A writer and a playwright, he also composed Opera do Malandro (1978), based on John Gay's Three-Penny Opera.
Italy had a prolific school of singer-songwriters (or, better, "cantautori"), who began to emerge in the years following the student riots of 1968, a sort of sociocultural divide for post-war Italy.
Lucio Battisti's melancholy soul-pop ballads (co-written with lyricist Giulio "Mogol" Rapetti) pretty much defined the post-1968 era: Il Paradiso (1969), Un'Avventura (1969), Acqua Azzurra Acqua Chiara (1969), Mi Ritorni In Mente (1969), Emozioni (1970), Pensieri e Parole (1971) and Il Mio Canto Libero (1972).
Fabrizio DeAndre` (1) was an epic bard, capable of bridging the French "chansonniers" of the 1950s and the Greenwich Movement of the 1960s, who crafted the pessimist Dante-esque journey in the metropolitan hell Tutti Morimmo A Stento (1968), the socio-religious parables of
La Buona Novella (1970), and the philosophical exotica of Creuza de Ma' (1982), a collaboration with former PFM's Mauro Pagani.
Francesco Guccini was an articulate sociopolitical chronicler who portrayed his generation's mood on Radici (1972).
Alan Sorrenti crafted the free-form psychedelic concept Aria (1972), with a lengthy title-track in the vein of Tim Buckley, perhaps the most innovative piece of the Italian "cantautori". Something similar was achieved by Juri Camisasca's La Finestra Dentro (1973).
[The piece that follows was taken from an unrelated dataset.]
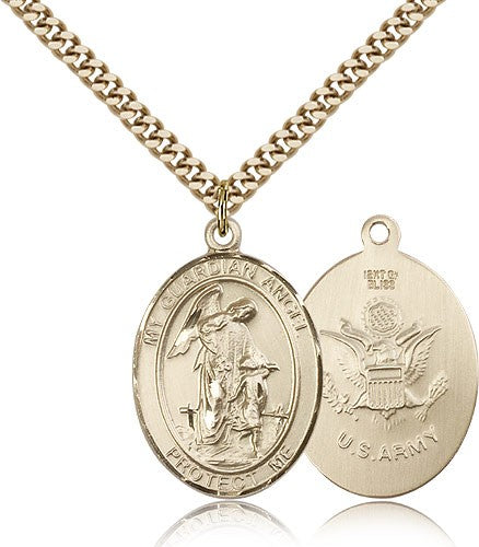 This Guardian Angel Army Pendant is made of gold filled and is approximately the size of a quarter. The jewelry pendant is paired with a 24 inch gold filled heavy curb chain as pictured. All medals are gift boxed in a beautiful blue velvet hinged jewelry gift box.

Claudio Rocchi had predated both with transcendent and psychedelic title-track of Volo Magico N.1 (1971).
In the 1970s, a few Japanese singer-songwriters began experimenting with new formats. The trend yielded albums such as Kan Mikami's Bang (1974), heavy on electronics and free-jazz, and Kazuki Tomokawa's Sakura No Kuni No Chiru Naka O (1980), with a 15-minute Wagnerian tour de force.